- Promotion: World Class Wrestling Association
- Date: January 27, 1989
- City: Dallas, Texas
- Venue: Dallas Sportatorium
- Attendance: 3,300

Event chronology
| ← Previous 5th Cotton Bowl Extravaganza | Next → Wrestling Star Wars |

WCWA Star Wars chronology
| ← Previous Christmas | Next → March 1989 |

= WCWA Star Wars (1989) =

Professional wrestling show series

World Class Wrestling Association (WCWA), based out of Dallas, Texas held a number of major professional wrestling supercard shows under the name Wrestling Star Wars between 1981 and 1989, with two of these being held in 1989. WCWA held two "Wrestling Star Wars" events, one in January and one in March, the final "Wrestling Star Wars" shows of the series. On August 4, 1989, WCWA merged with Continental Wrestling Association (CWA) to become the United States Wrestling Alliance (USWA), which did not continue the Star Wars series.
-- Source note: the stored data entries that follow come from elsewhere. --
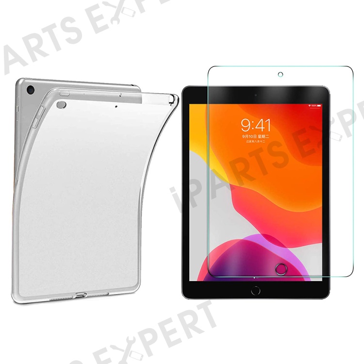 Soft TPU Transparent Flexible Cover with Tempered Glass Screen Protector for iPad 10.2 (2021) / (2020) / (2019)
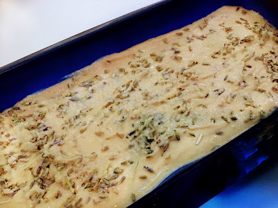Kaada massa vuokaan pohjan päälle ja halutessasi ripottele pinnalle lisää laventelia koristeeksi.
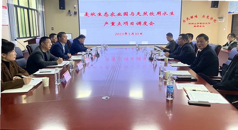 调度会上,胡志远听取了麦秋生态农业园与天然饮用水生产项目的进展和建设情况汇报,与会人员对项目建设中遇到的问题和困难进行了分析讨论,围绕下步如何加快项目建设,大家集思广益、积极发言。随后,胡志远实地察看了项目进展情况,听取了项目负责人对项目情况的介绍及配套设施的规划安排。
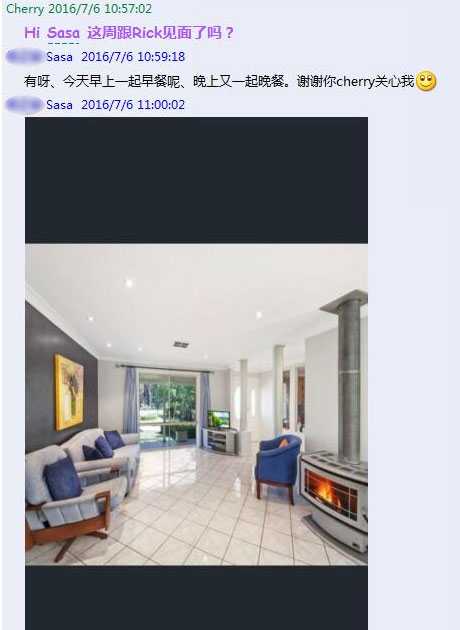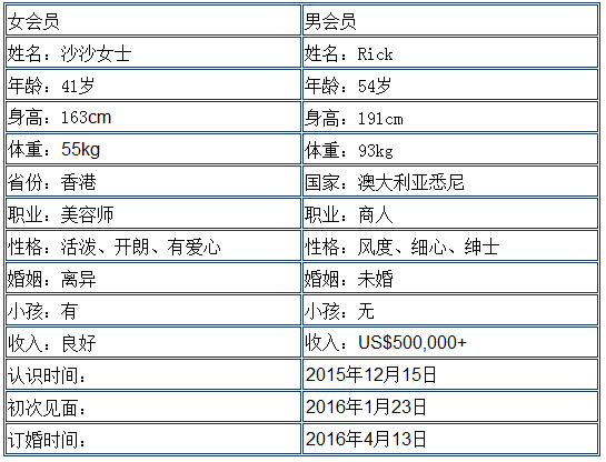 2016年7月5日,来自香港的Sasa跟来自澳大利亚悉尼的54岁男士Rick 在香港第四次见面了!自3月初Rick求婚成功,为Sasa戴上戒指后,男士回悉尼便开始着手买别墅,房子置办好了,男士又来香港了,止不住的思念!sasa晒完戒指,又开心地与教练晒房子咯!一切准备就绪,只待sasa的澳洲签证了,9月份两人计划在澳洲见面,办理结婚!
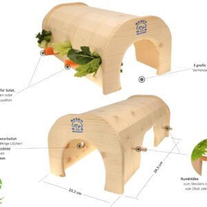 Das Produkt besteht aus naturbelassenem Massivholz und ist somit frei von gesundheitsschädlichen Lacken oder Leimen. Durch das natürliche Material können Ihre Tiere den Tunnel bedenkenlos anknabbern, was ideal für den wichtigen Zahnabrieb ist.
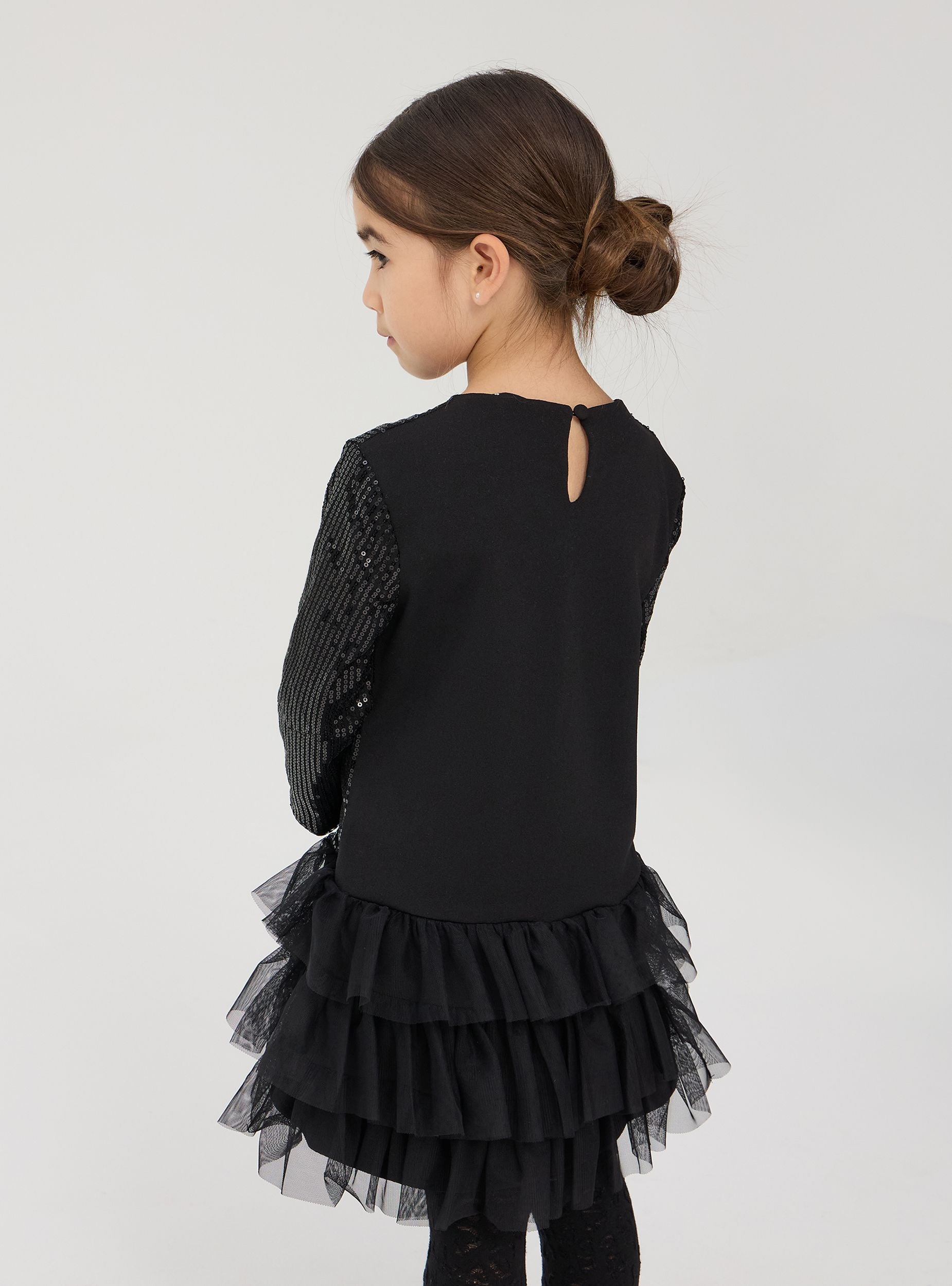 Рокля с дълги ръкави, пайети и волани

==Wrestling Star Wars (January)==

WCWA Wrestling Star Wars (January 1989) was a professional wrestling supercard show that was held on January 27, 1989. The show was produced and scripted by the Dallas, Texas-based World Class Wrestling Association (WCWA) professional wrestling promotion and held in their home arena, the Dallas, Texas. Several matches from the show were taped for WCWA's television shows and broadcast in the weeks following the show. The show was the second to last Wrestling Star Wars show and the 31st overall show in the "Star Wars" event chronology. The January 1989 Star Wars was the only show in the series to be held in the Dallas Sportatorium, as they usually took place at the Reunion Arena in Dallas or the Fort Worth Convention Center in Ft. Worth, Texas. The show drew 3,300 spectators in the approximately 4,500-seat arena.

In the main event, WCWA main-stay Kerry Von Erich defeated Master of Pain in a singles match. The eight-match show also featured Eric Embry defeating long-time rival Gary Young and Iceman King Parsons defeating former tag team partner Brickhouse Brown. No championships were defended and only the third match, a First Blood match between Jimmy Jack Funk and Super Black Ninja had a special stipulation.

===Results===

| No. | Results | Stipulations |
|---|---|---|
| 1 | Cactus Jack defeated Tony Falk | Singles match |
| 2 | Chris Adams defeated Killer Tim Brooks | Singles match |
| 3 | Jimmy Jack Funk defeated Super Black Ninja | First Blood match |
| 4 | Kevin Von Erich defeated Cactus Jack | Singles match |
| 5 | The Samoan Swat Team (Fatu and Samu) defeated Jeff Jarrett and Bill Irwin | Tag team match |
| 6 | Iceman Parsons defeated Brickhouse Brown | Singles match |
| 7 | Eric Embry defeated Gary Young | Singles match |
| 8 | Kerry Von Erich defeated Master of Pain | Singles match |

==Wrestling Star Wars (March)==

WCWA Wrestling Star Wars (March 1989) was a professional wrestling supercard show that was held on March 12, 1989. The show was produced and scripted by the Dallas, Texas-based World Class Wrestling Association (WCWA) professional wrestling promotion and held in the Will Rogers Coliseum in Ft. Worth, Texas instead of the Reunion Arena where WCWA usually held their Star Wars shows in Ft. Worth. Several matches from the show were taped for WCWA's television shows and broadcast in the weeks following the show. The show was the 32nd and last Wrestling Star Wars show in the "Star Wars" event chronology.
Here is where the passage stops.